Our findings also indicate that schools with high proportions of pupils who have ‘SEN’ are less likely to have resources dedicated to disability equality/awareness. (That relevant resources are not available for children who have ‘SEN’ is of concern because it is likely these children would benefit from the greater availability of inclusive materials, which include images/stories about children/people ‘like me’).



Resources are an issue. Although schools with Disability Equality Schemes in place or in preparation were more likely to have resources (i.e. books),

76% of schools said that they have no action packs or other dedicated resources to support teaching about disability

32% said that they had no books about disability or books that included a disabled character

21% of schools said that they had no resources at all to support teaching and learning about disability.



thoughts for policy makers

The key policy implication is that schools will require more formal support from government and local authorities if they are to raise the quality of teaching about disability issues.

‘Support’ can involve incentives to stock school libraries with relevant books/videos; visits and support from disabled people’s organisations as part of general awareness-raising about disability issues; provision of extra training for SENCOs and Head-teachers etc. We are sure that this is not an all-encompassing list!

Perhaps OFSTED might consider reviewing levels of resource and the approach taken to promoting positive attitudes towards disabled people, as part of general school inspections? If the government brings in its ‘MOTs for teachers’, might teachers’ level of confidence when it comes to teaching about disability become a part of this ‘check-up’?

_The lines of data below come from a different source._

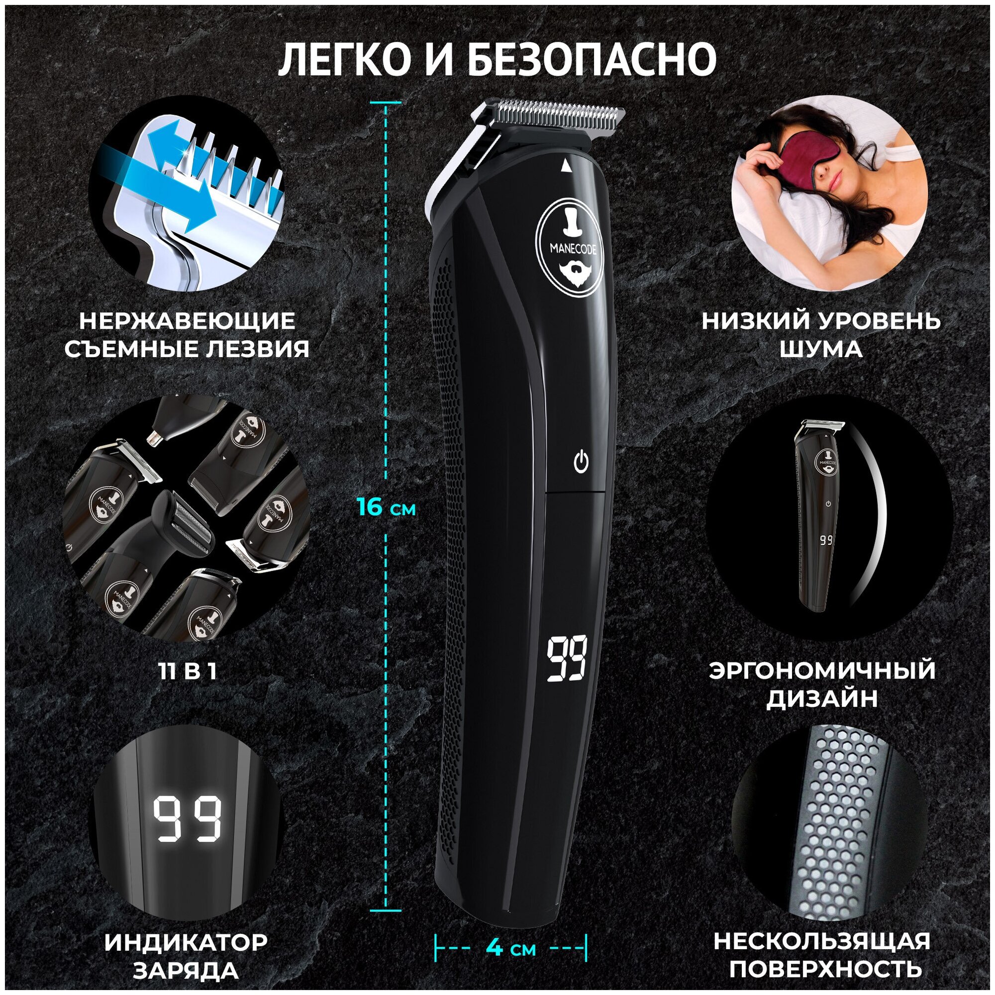 Триммер для бороды и усов Manecode Black Barba 12 в 1 с насадками для носа, волос и тела - В комплекте трафарет и фартук для бритья интересное:
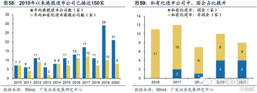 港股市场退市制度较为宽松,2010年以来退市公司已接近150家。除被动摘牌外,较多公司选择主动私有化退市。尽管港股每年私有化退市公司总数维持在10家左右,但对公司属性进行分类可以发现,国有企业私有化退市的公司中占比大幅提高——2019年至今已完成私有化退市的18家公司中,共有8家属于国有企业。
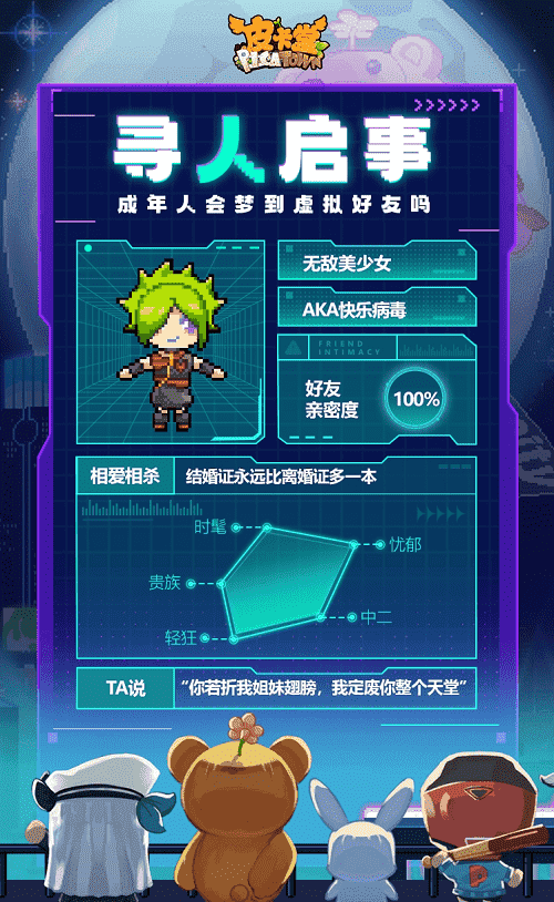 除此之外,,,,更丰富的全新玩法也会在这里与大家见面,,,,希望给大家带来不一样的游玩体验。。。。升级后的皮卡小镇,,,大家可以和闺蜜一起逛购物街,,邀请三两好友来到自己开的小店,,,还可以在小屋体验海岛或城堡生活……总之,,,,希望大家能在游戏中找回最快乐的自己,,,,享受最纯粹的社交魅力。。。
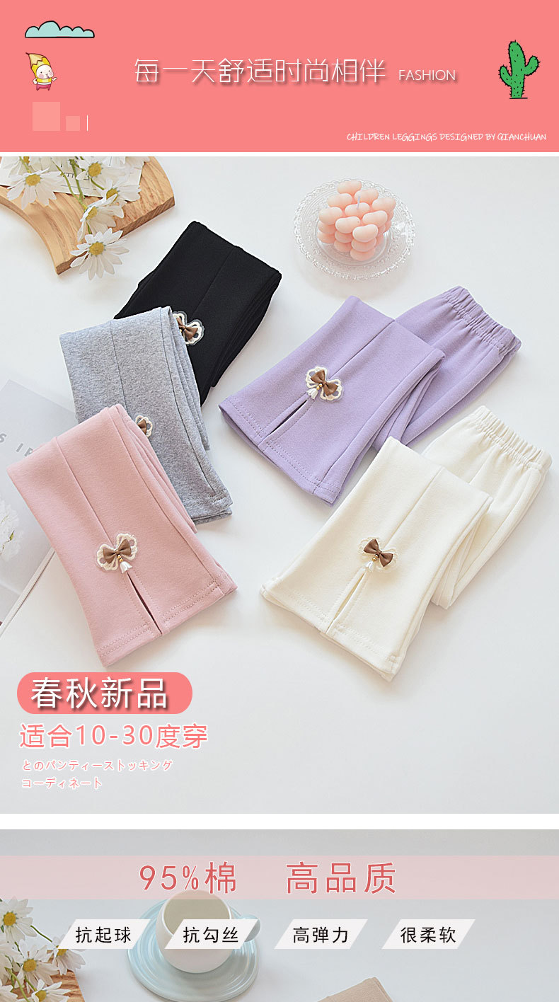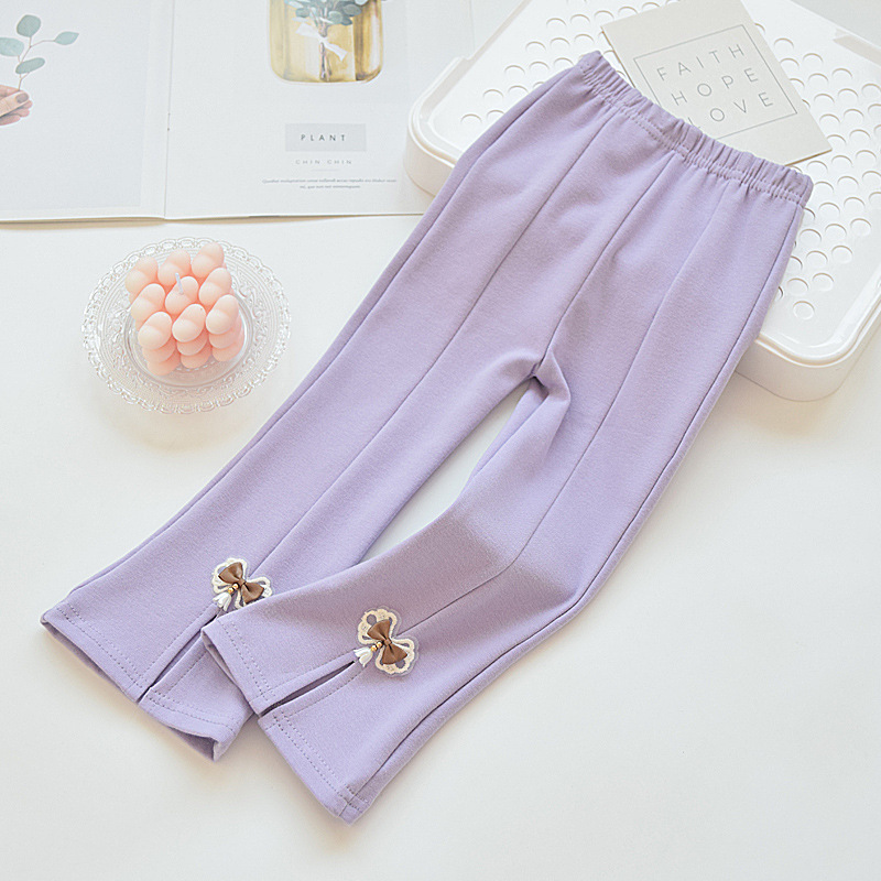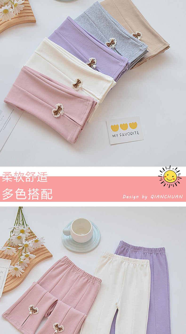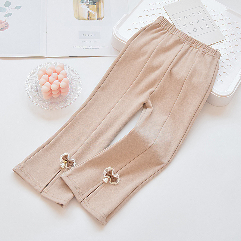 소녀 꽃 무늬 바지 봄과 가을 순면 새 봄 착용 어린 소녀의 탄력 있는 얇은 보토밍 바지 어린이 슬릿 바지
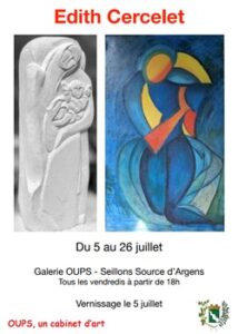 associations OupS : Exposition de juillet 2024 by LeSeillonnais 2jui écrit par LeSeillonnais 2jui 15 L’équipe de OupS vous informe : « Pour le mois de juillet, la galerie OUPS expose les œuvres de : Edith CERCELET dès ce vendredi et tous les vendredis du 05 au 26 juillet 2024 dès 18h00. Venez la rencontrer : Lors du vernissage le vendredi 5 juillet 2024. 83470associationassociation OupSassociationsedith cerceletexpositionexposition oupsgalerie OupsOupSseillonsseillons sourceseillons source d'argensvernissagevivre a seillonsvivreaseillons 0 commentaires 0 FacebookTwitterPinterestEmail LeSeillonnais article précédent La poste : changement d’horaires article suivant Kermesse des Écoles 2024 : Une Journée Olympique Inoubliable pour les Enfants Seillonnais You may also like Une journée VTT inoubliable avec le club des... 23mar Tennis club Seillonnais: des joueurs qui excellent 20mar Un week-end victorieux pour les jeunes judokas de... 13mar Un week-end de réussite pour nos trampolinistes au... 13mar Stage de Peinture : Laissez libre cours à... 12mar Boule : Un Week-end de Compétition et de... 11mar Atelier Taille des Oliviers : Inscrivez-vous dès maintenant... 8mar OupS : exposition de mars 2025 5mar Message de l’association les petits héros 5mar Ateliers : « retour à l’emploi des femmes » 5mar Leave a Comment Cancel Reply Save my name, email, and website in this browser for the next time I comment. Δ
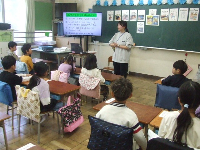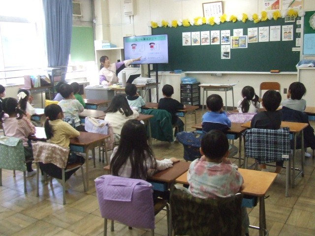 さっそく、授業の始まりです。挨拶や返事、話の聞き方や正しい姿勢、教室の過ごし方、ロッカーや靴箱・トイレの使い方等々、学校生活で困らないよう、覚えることがたくさんあります。頑張れ!1年生!
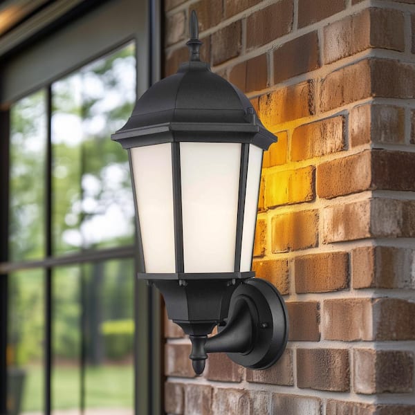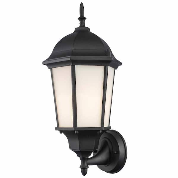 San Rafael 16.5 in. 1-Light Black Outdoor Hardwired Wall Coach Sconce with No Bulbs Included and Frosted Glass
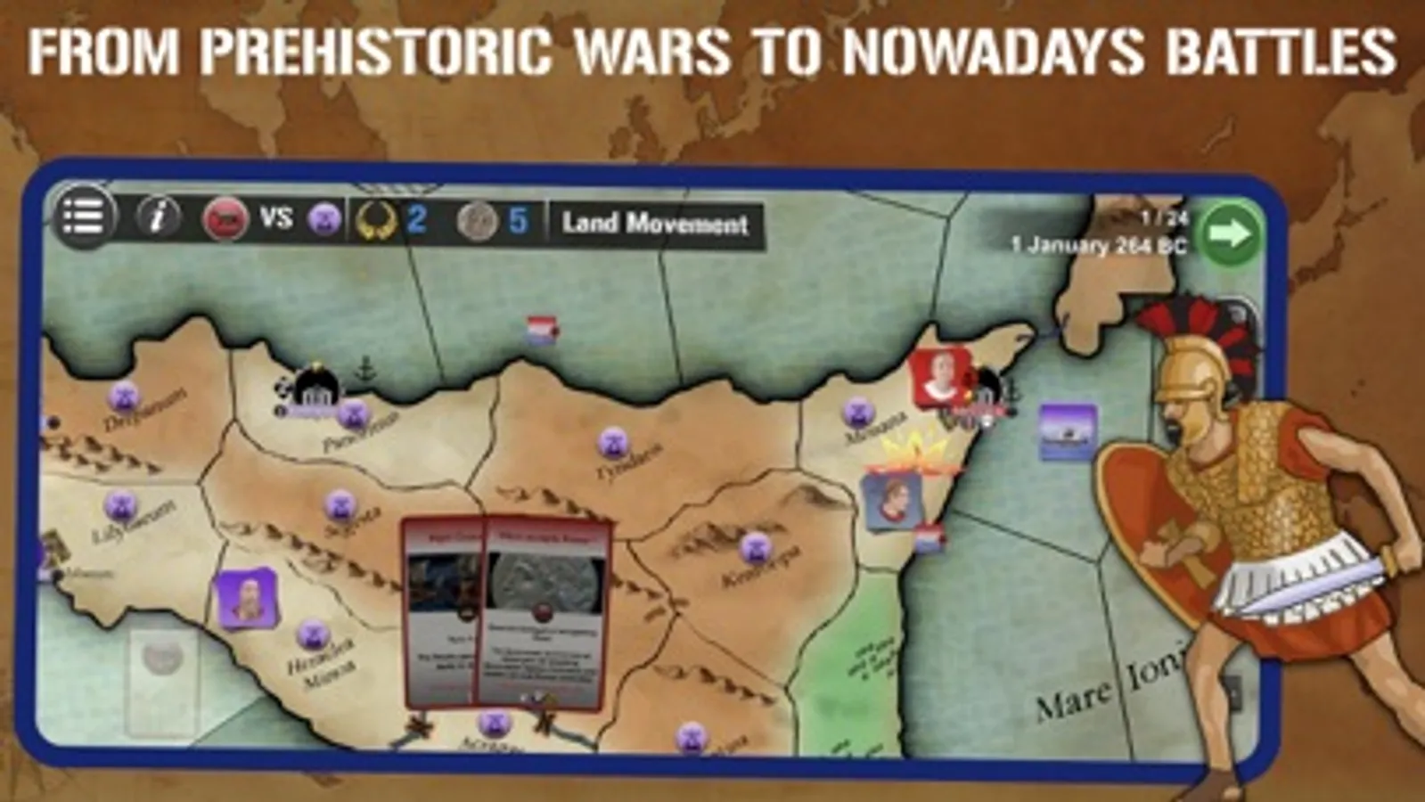 • Combat units may be from the land, naval or air domains. You will find different types, such as infantry, cavalry, artillery, guerrillas, submarines, flat tops, fighters, elephants, anti-aircraft batteries, etc ... All of which can be combined into different stacks for easy handling.
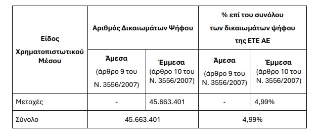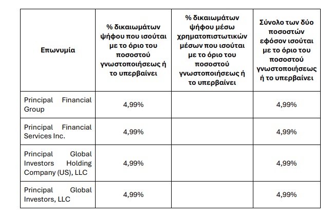 Σε συνέχεια σχετικής γνωστοποίησης σημαντικών αλλαγών στα δικαιώματα ψήφου της Τράπεζας από την “Principal Global Investors, LLC” σύμφωνα με τον Ν. 3556/2007, καθώς και της από 16.10.2025 γνωστοποίησης που έλαβε η Τράπεζα από την “Principal Financial Group”, υπό την ιδιότητά της ως τελική μητρική εταιρεία της “Principal Global Investors, LLC”, η Τράπεζα γνωστοποιεί με την παρούσα, ότι το συνολικό ποσοστό δικαιωμάτων ψήφου τα οποία αντιστοιχούν σε ισάριθμες κοινές, ονομαστικές, μετά ψήφου, άυλες μετοχές που κατέχει έμμεσα η “Principal Financial Group”, από την ημερομηνία που αυτά περιήλθαν στην κατοχή της “Principal Global Investors, LLC”, κατήλθε στις 13.10.2025 του ελάχιστου ορίου του 5% επί του συνόλου των δικαιωμάτων ψήφου της Τράπεζας.
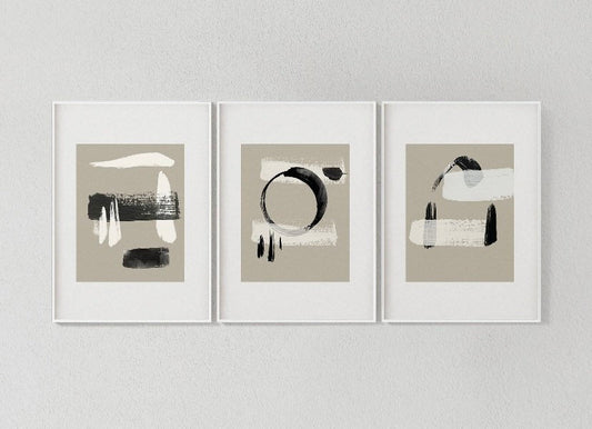 Japandi Nordic Black and Beige Abstract Print Set
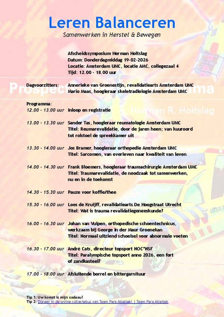 Op donderdagmiddag 19 februari 2026 is het afscheidssymposium van dr. Herman Holtslag met als thema ‘Leren balanceren’.
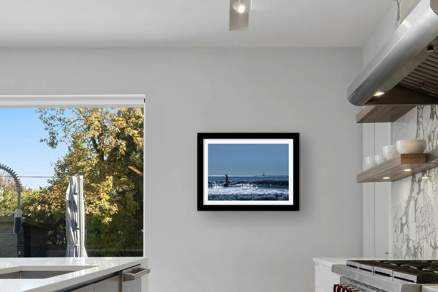 Dans un intérieur, cette photo apporte une énergie légère et lumineuse. Pas agressive, pas criarde — vivante. Elle convient parfaitement à une pièce à vivre tournée vers la mer, un couloir d’entrée, ou même une chambre d’ado passionné d’océan. Elle parle à celles qui ont un lien fort avec l’eau, même de loin, même depuis un canapé un soir de janvier.
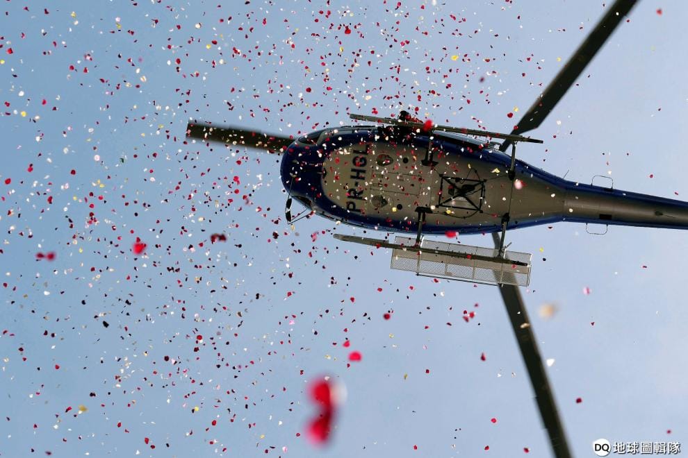 直昇機在城鎮布魯馬迪紐(Brumadinho)的高空下灑下花瓣,悼念在尾礦壩潰堤後消逝的 180條人命。
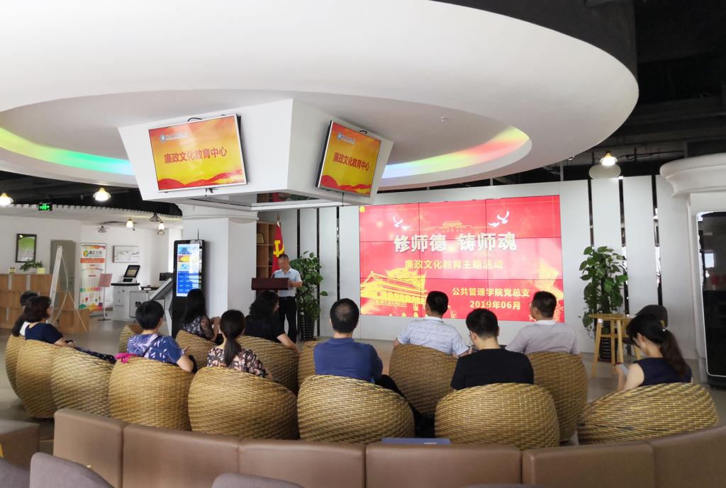 为推进全面从严治党,加强党风廉政建设,增强党支部凝聚力和战斗力,6月11日下午,公共管理学院党总支组织学院全体党员赴廉政文化教育中心开展以“修师德 铸师魂”为主题的党日活动。活动由学校纪委监察科科长蔡亮光主持。
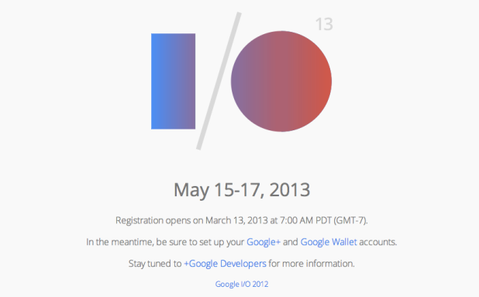 Google, bu yıl 15-17 Mayıs 2013 tarihleri arasında gerçekleştireceği I/O konferansı için kayıtları almaya başlıyor. Google I/O'nun resmi web sitesinde paylaşılan bilgiye göre resmi kayıtlar 13 Mart günü TSİ 17:00'de
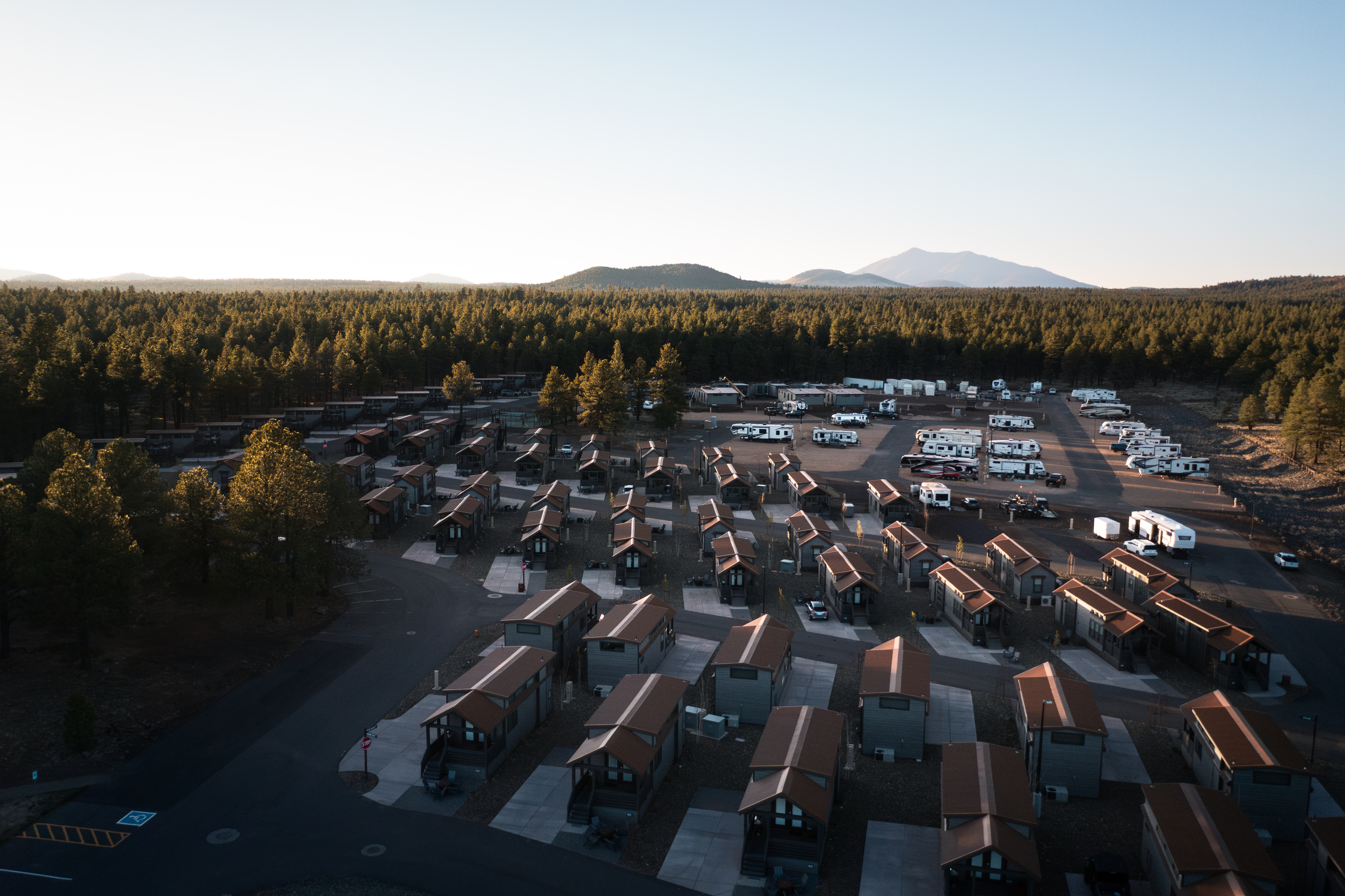 Set within this high-country landscape, Village Camp Flagstaff offers a stay that balances proximity to town with a tucked-away, nature-forward setting. Family owned and operated, the modern outdoor resort community is located about 10 minutes from downtown Flagstaff by car, making it easy to move between restaurants and shops while still feeling immersed in the surrounding ponderosa pine forest.
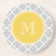 Grey Quatrefoil Pattern, Yellow Monogram Coaster
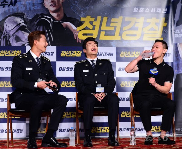 17일 서울 광진구 롯데시네마 건대입구에서 영화 ‘청년경찰’ 제작보고회가 열렸다. 배우 박서준과 강하늘이 김주환 감독을 바라보며 환하게 웃고 있다.

Conclusions… thoughts for the Disability Movement

Our research indicated a degree of lack of confidence amongst teachers and a feeling that they might somehow be ‘getting it wrong’ in the eyes of the Disability Movement. For example, fears about using the ‘wrong’ terminology about disabled people were expressed by some respondents. It may be that this lack of confidence leads some teachers to shy away from incorporating disability awareness into their teaching – using lack of resources, time and fears of highlighting difference as reasons for not tackling key issues.

So there are, we suggest, some questions here for the Disability Movement, in terms of how to provide the right sort of support and information for teachers – how best to instill the confidence that will allow teachers to embrace disability issues in an ‘un-defensive’ manner. Expectations of what hard-pressed teachers (who are known to be under many pressures including league tables, an ‘over-stuffed’ curriculum etc.) can achieve also need to be realistic. Further, it may be that there is a need to mortgage a bit of ‘delicacy’ around terminology, in order that teachers are not so preoccupied with language that they lose track of the importance of promoting a positive message/sentiment and one that reflects Social Model thinking.